Work to complete >>
Among the entries that follow, locate the line with "Se trata de" and the line with "Fedezze fel az". Output those lines and all lines in between, exactly, minus the pictures.

Records for the task >>
---+---

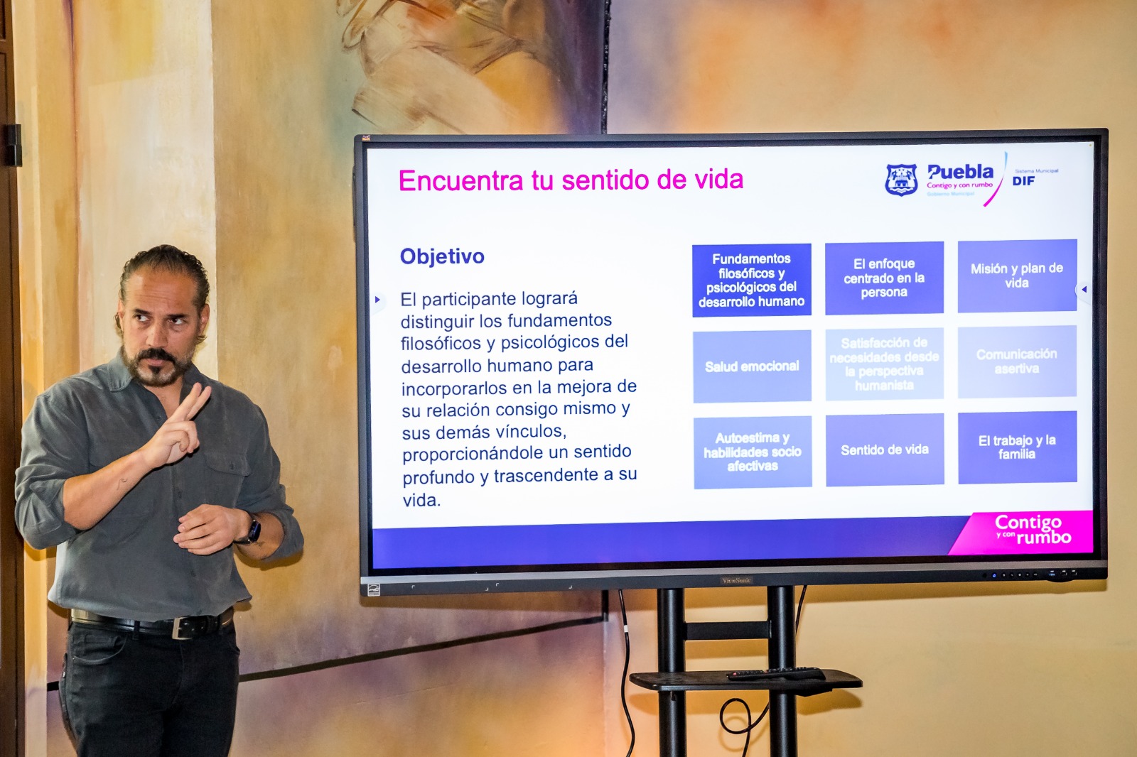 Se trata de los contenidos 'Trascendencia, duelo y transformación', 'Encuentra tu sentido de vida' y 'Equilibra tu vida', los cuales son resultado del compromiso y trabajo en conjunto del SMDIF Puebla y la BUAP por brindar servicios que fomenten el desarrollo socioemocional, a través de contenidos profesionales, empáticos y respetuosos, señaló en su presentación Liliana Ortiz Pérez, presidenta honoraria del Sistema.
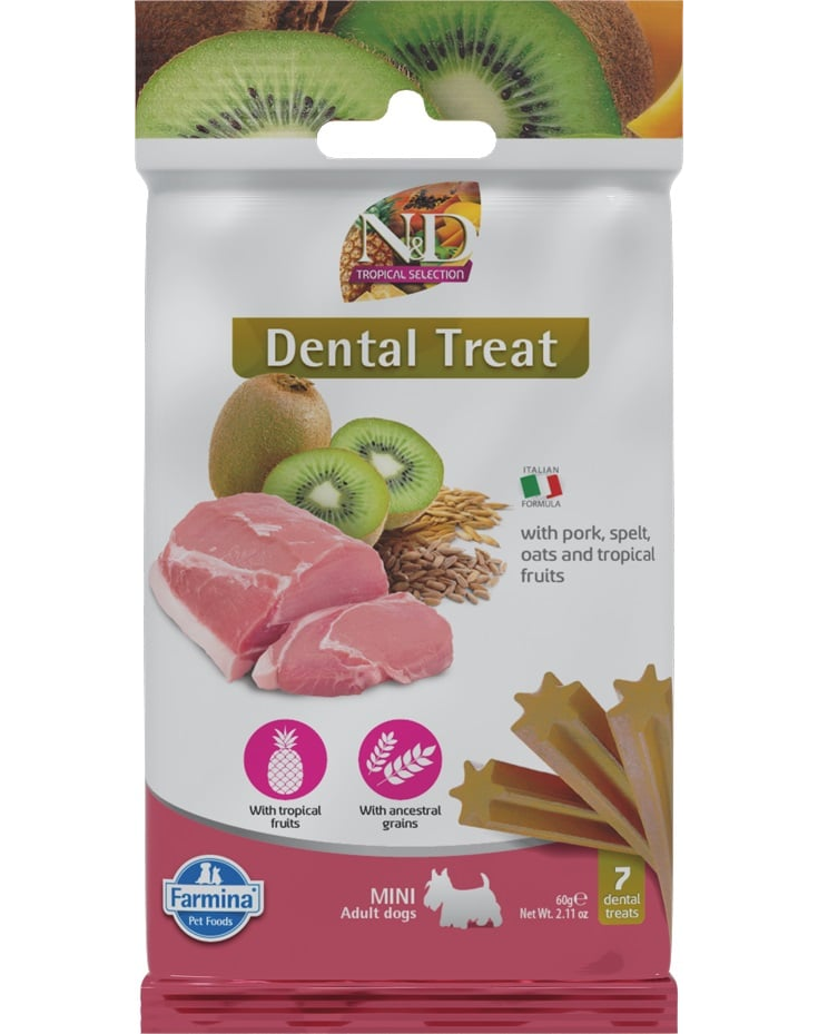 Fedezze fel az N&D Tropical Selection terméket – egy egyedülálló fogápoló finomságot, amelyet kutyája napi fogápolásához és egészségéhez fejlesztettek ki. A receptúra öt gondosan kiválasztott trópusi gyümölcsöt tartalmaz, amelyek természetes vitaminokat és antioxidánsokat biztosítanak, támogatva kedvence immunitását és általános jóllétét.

---+---

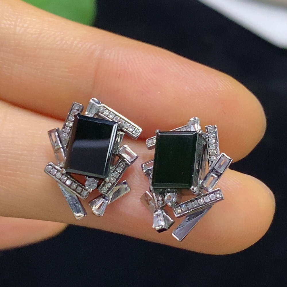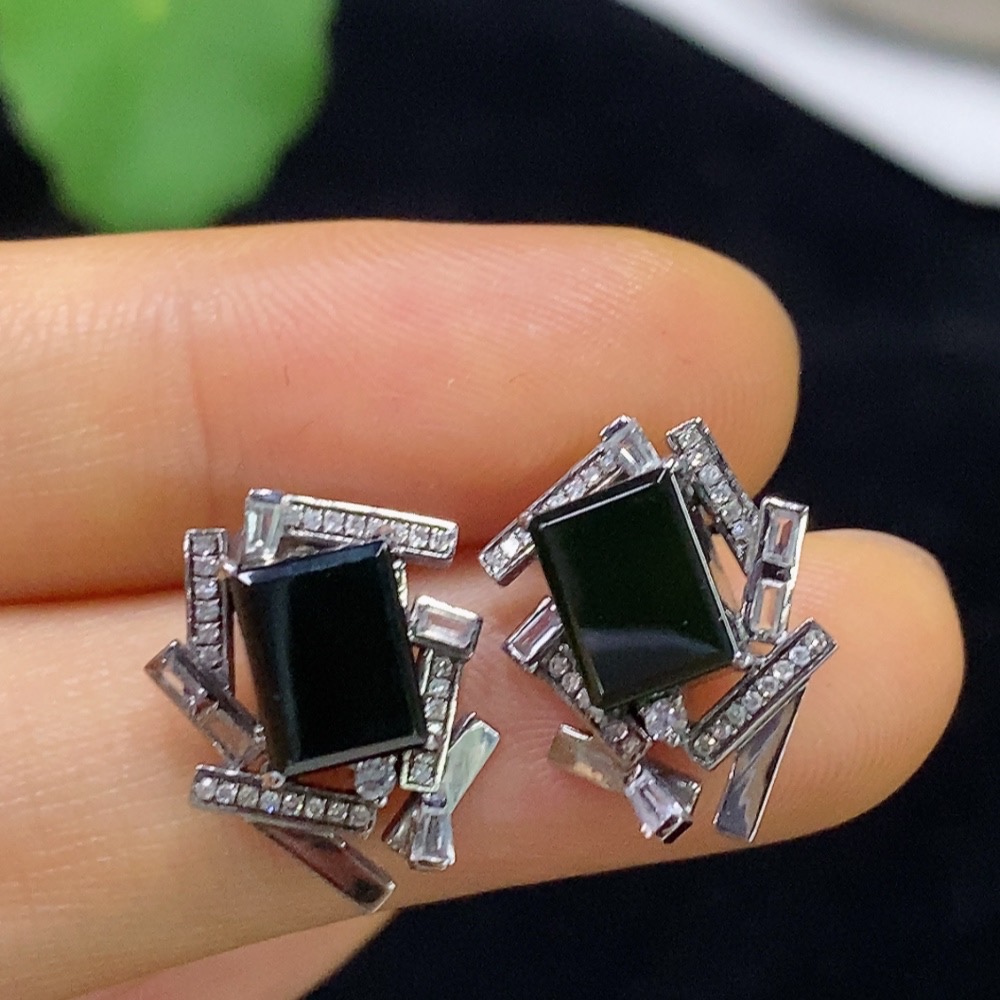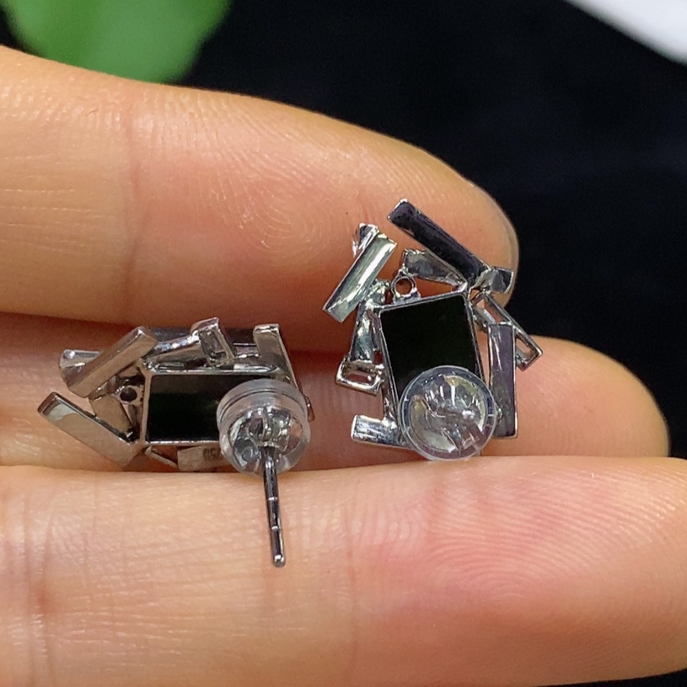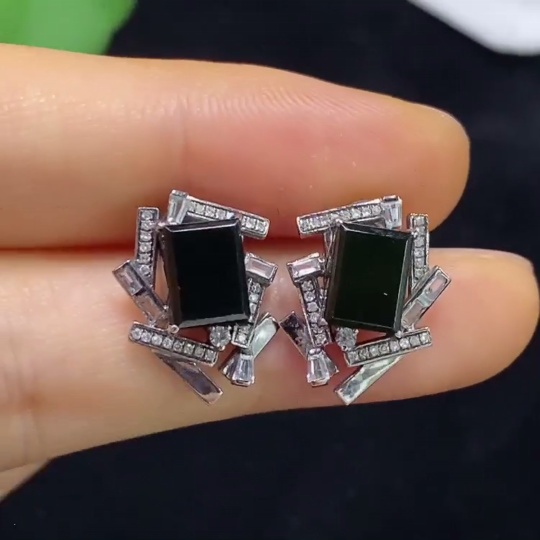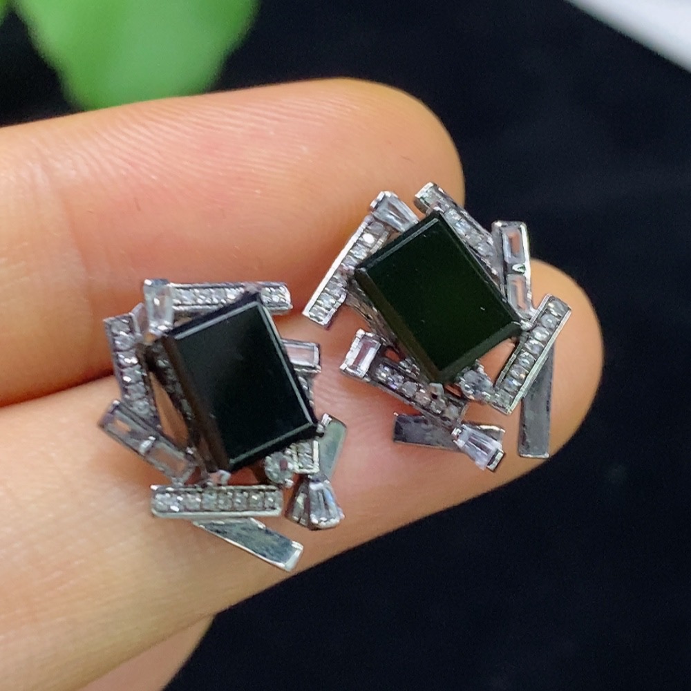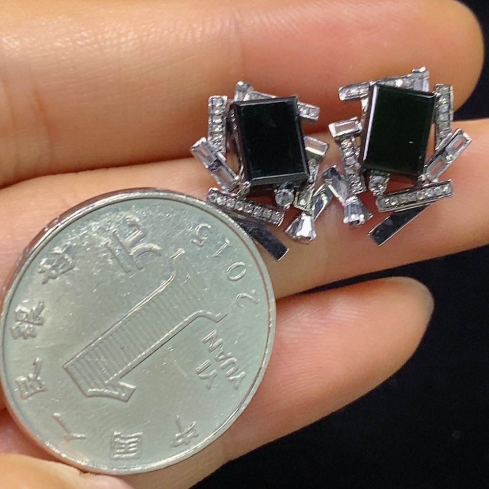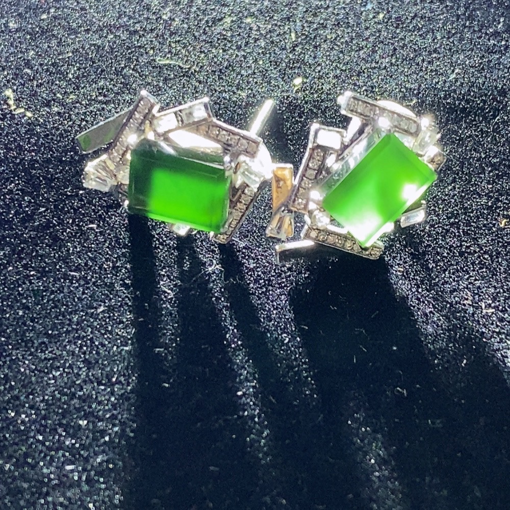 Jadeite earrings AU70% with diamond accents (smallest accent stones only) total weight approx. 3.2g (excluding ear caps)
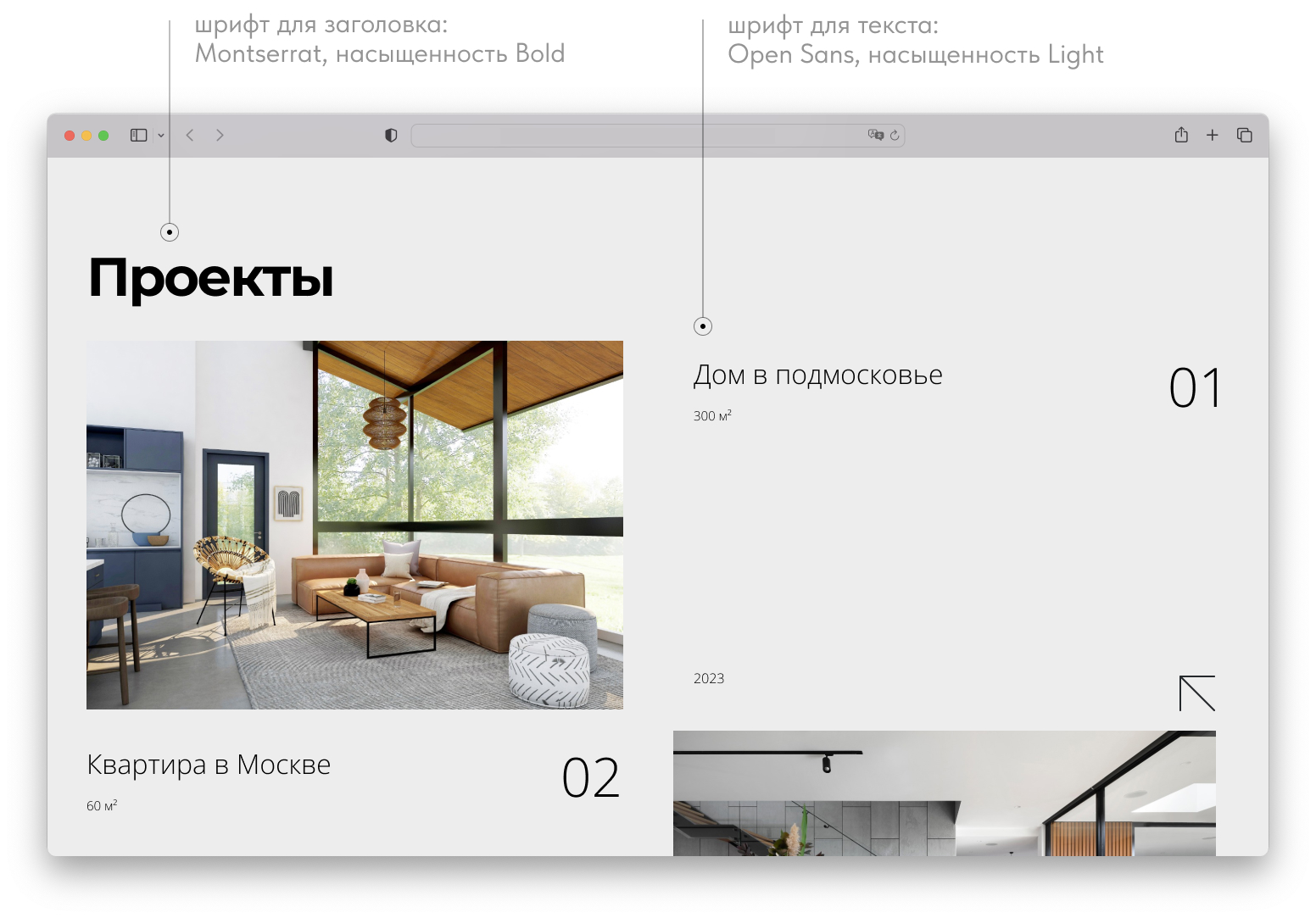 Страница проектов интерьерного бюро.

---+---

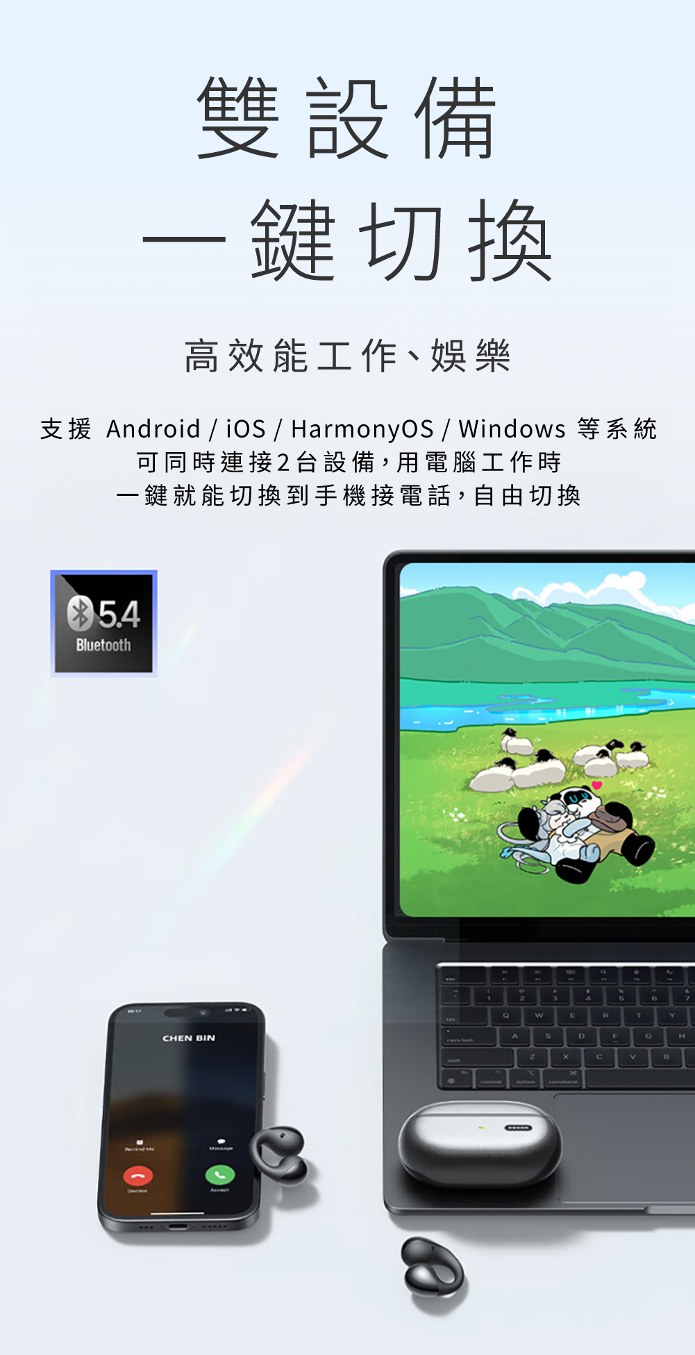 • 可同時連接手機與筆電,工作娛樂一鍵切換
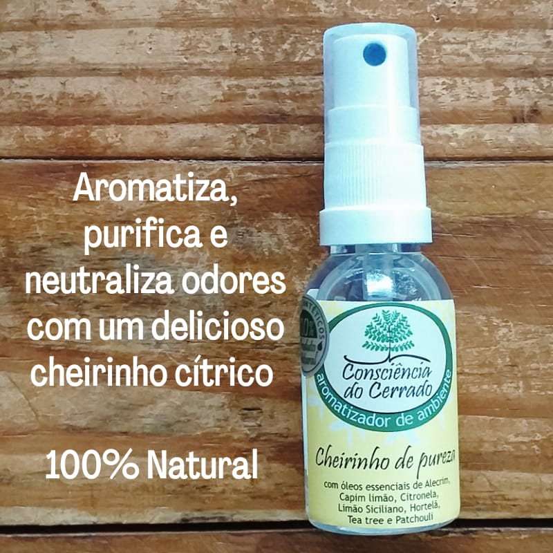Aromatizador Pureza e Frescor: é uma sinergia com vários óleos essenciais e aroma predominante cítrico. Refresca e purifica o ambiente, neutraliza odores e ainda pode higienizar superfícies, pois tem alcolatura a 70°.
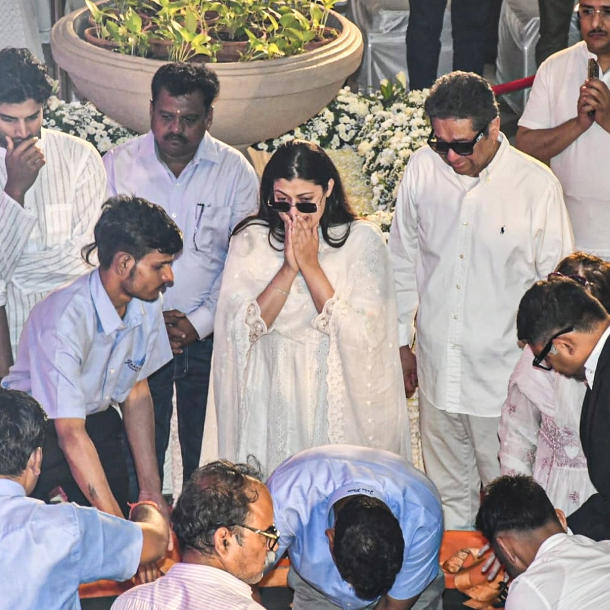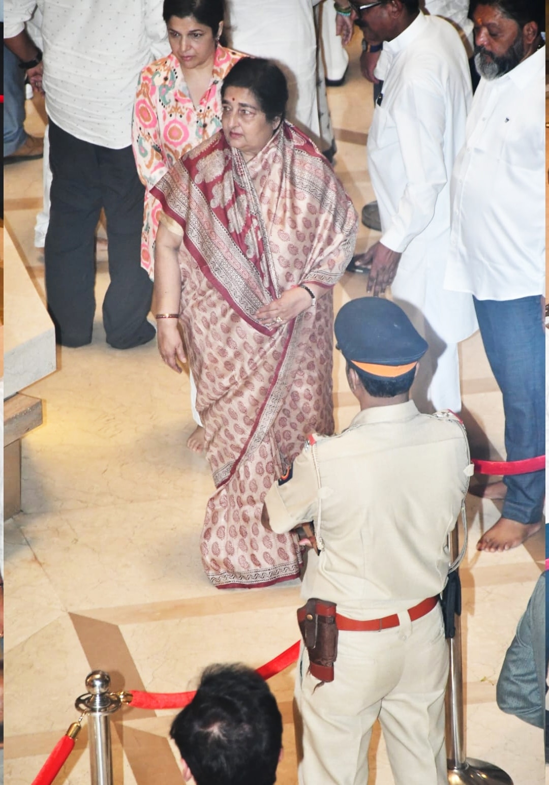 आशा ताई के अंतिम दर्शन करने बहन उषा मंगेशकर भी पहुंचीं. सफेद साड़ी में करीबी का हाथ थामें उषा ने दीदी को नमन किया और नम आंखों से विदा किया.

---+---

The answer >>
 Se trata de los contenidos 'Trascendencia, duelo y transformación', 'Encuentra tu sentido de vida' y 'Equilibra tu vida', los cuales son resultado del compromiso y trabajo en conjunto del SMDIF Puebla y la BUAP por brindar servicios que fomenten el desarrollo socioemocional, a través de contenidos profesionales, empáticos y respetuosos, señaló en su presentación Liliana Ortiz Pérez, presidenta honoraria del Sistema.
 Fedezze fel az N&D Tropical Selection terméket – egy egyedülálló fogápoló finomságot, amelyet kutyája napi fogápolásához és egészségéhez fejlesztettek ki. A receptúra öt gondosan kiválasztott trópusi gyümölcsöt tartalmaz, amelyek természetes vitaminokat és antioxidánsokat biztosítanak, támogatva kedvence immunitását és általános jóllétét.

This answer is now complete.